When Delivery Hero’s CFO invited me to speak in his department’s all hands last week, I asked myself, “How can I explain the essence of agility in 5 minutes?” A good way to see if you’ve understood a concept is by explaining it to a child in as few words as possible. This task wasn’t much different, albeit with an audience size of a couple hundred accomplished people who may or may not have heard about agility before.
So, what is agility? The first of the two analogies that I used was comparing the way of working on an assembly line in a factory, where the requirements are not changing often versus having your own foodtruck.
In the former, you do not need to change your approach from one batch to another; there is no need to communicate with others; inspect the batch and adapt your technique to fit the needs. Things are stable and the cause-and-effect relationship is simple, in cynefin terms. You know that an input of X will result in an output of Y.
In the latter, customers will tend to have slightly different preferences for food, depending on the state, city or country that you drive to in your foodtruck. As the chef and owner, you need to probe the new market and test certain products in small iterations to see if customers would like it, rather than creating dozens of dishes based on past success. You may need to throw away certain recipes and discover new ones. In cynefin terms, this is a complex environment where market needs are constantly shifting and the cause-and-effect relationship can be seen only in hindsight. The image below shows the benefit of decoupling tasks and working in short iterations to reduce risk, represented by a “release” typical to software development teams.
From the analogy above, these acts of probing and testing, inspecting and adapting, responding to change, and working in small iterations constitute the agile values and principles.
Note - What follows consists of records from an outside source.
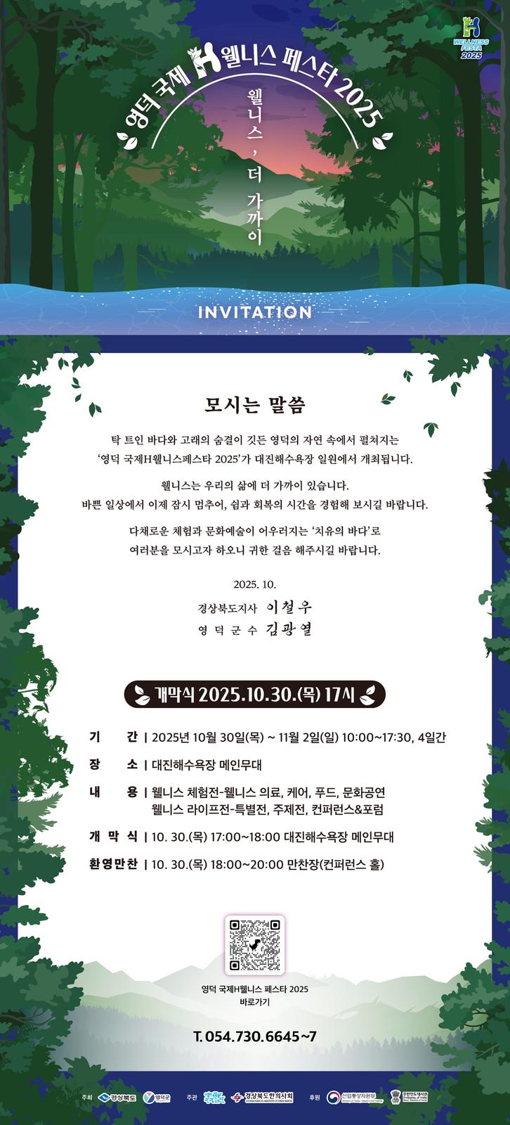 경상북도, 영덕군과 영덕문화관광재단에서는 웰니스 치유관광 콘텐츠 확산을 위해 '영덕 국제H웰니스페스타 2025'를 개최합니다.
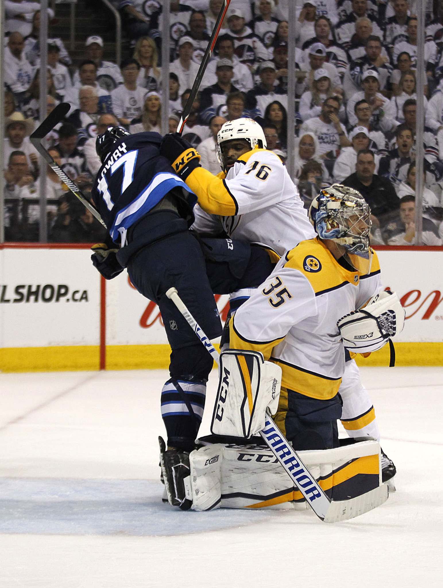 THE CANADIAN PRESS/John Woods Winnipeg Jets' Paul Stastny's (25) shot is stopped by Nashville Predators goaltender Pekka Rinne (35) as Scott Hartnell (17) defends during first period NHL round-two game four playoff action in Winnipeg on Thursday, May 3, 2018.
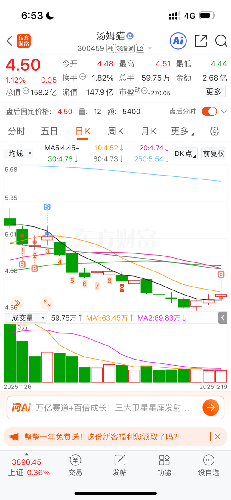 $汤姆猫(SZ300459)$ 小仓建仓,继续做
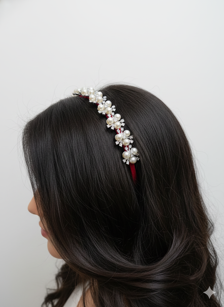 e Pearl & Crystal Floral Headband ekdum elegant aur royal look deta hai. Isme lage hue premium pearls aur sparkling crystals baal ko bohot sundar frame karte hain. Red base band isko aur bhi attractive banata hai, jisse overall look classy aur noticeable lagta hai.

Values are subjective, personal, emotional, and arguable parts of our internal system that guides our behavior, whereas principles are typically external, objective, factual, impersonal, and self-evident.
The second analogy that I had used was that of a cheetah versus a matador and its bull. The bull targets the muleta, or red piece of cloth, plans its path, and charges at it only to miss it in the last second as it’s pulled away. In contrast, the cheetah inspects its prey and adjusts it’s direction continuously. This give it a much better chance of catching its prey. The top half of the image below represents the bull’s approach, while the bottom half represents the cheetah’s.
At the end of the day, agility isn’t about a particular framework (such as Scrum or Kanban). True agility lies in embracing the principles and values mentioned above and manifesting them through different practices that are tailored to your organization’s context.
My role as an Organizational Coach, is to guide individuals and organizations through the journey of embodying the values and principles to figure our which practices can be tailored to your organization’s context.